**Given information**
[Start of section]
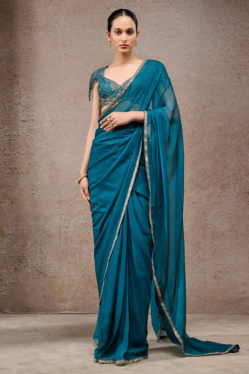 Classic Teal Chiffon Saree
[End of section]
[Start of section]
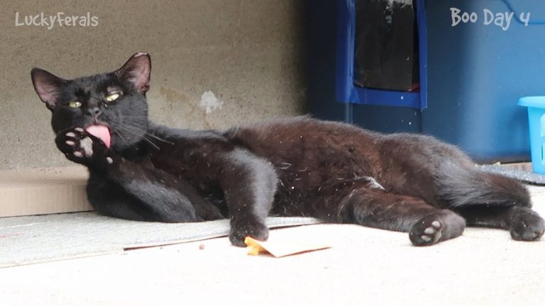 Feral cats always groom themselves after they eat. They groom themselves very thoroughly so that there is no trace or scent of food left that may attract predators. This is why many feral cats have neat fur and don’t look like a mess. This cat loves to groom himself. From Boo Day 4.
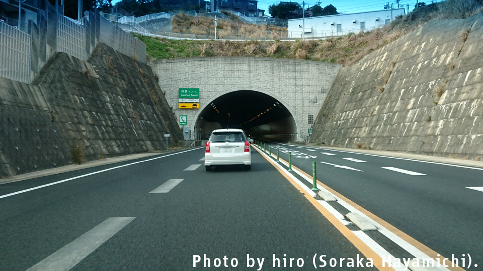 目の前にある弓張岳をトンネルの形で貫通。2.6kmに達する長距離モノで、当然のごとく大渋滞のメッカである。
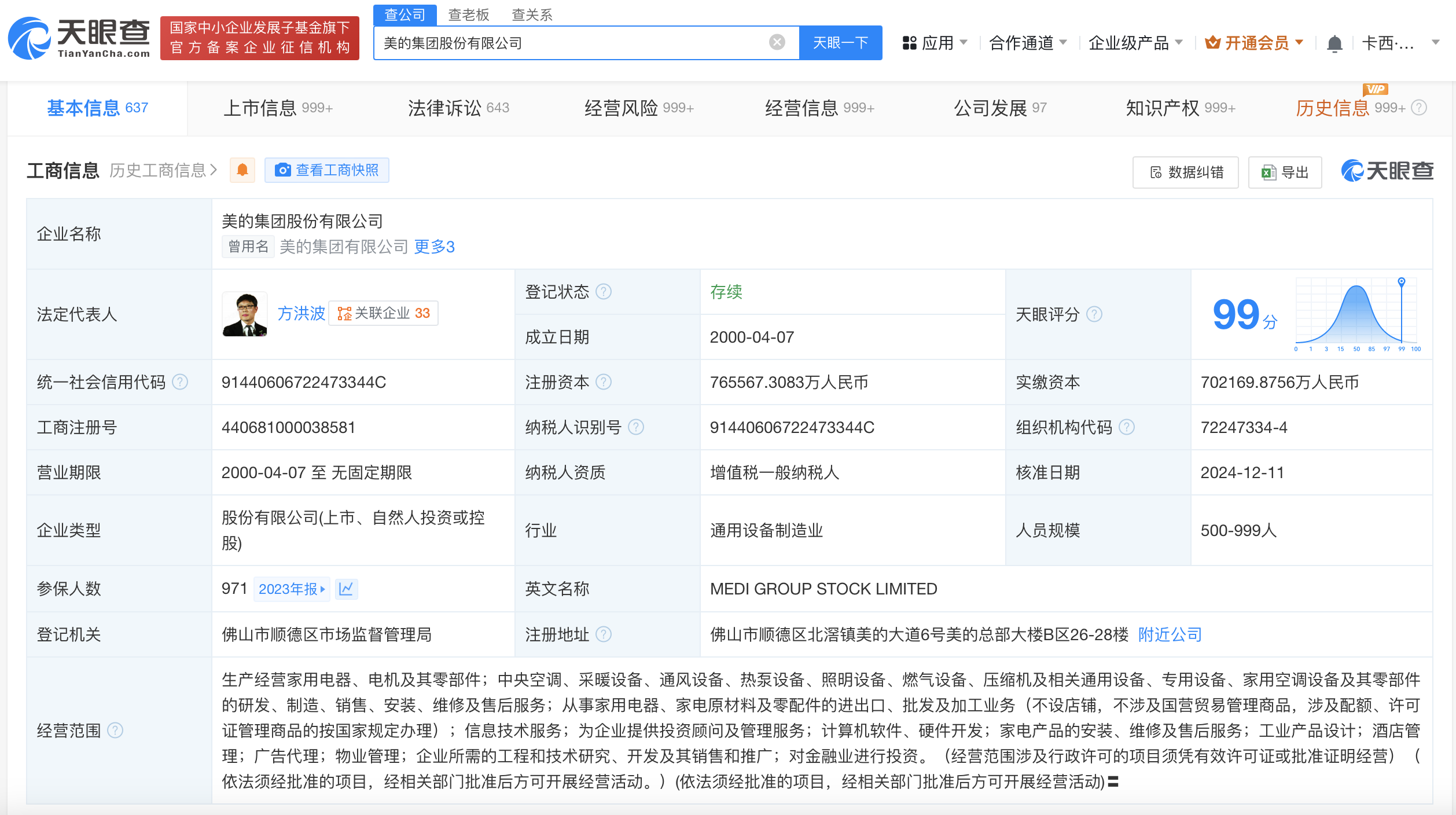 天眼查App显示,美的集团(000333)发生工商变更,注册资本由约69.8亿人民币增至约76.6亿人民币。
[End of section]
Once the line with "目の前にある弓張岳をトンネル" is found above, print it and every line after it through the line with "天眼查App显示,美的集团(000333", exactly. Pictures stay out.

**Exercise result**
 目の前にある弓張岳をトンネルの形で貫通。2.6kmに達する長距離モノで、当然のごとく大渋滞のメッカである。
 天眼查App显示,美的集团(000333)发生工商变更,注册资本由约69.8亿人民币增至约76.6亿人民币。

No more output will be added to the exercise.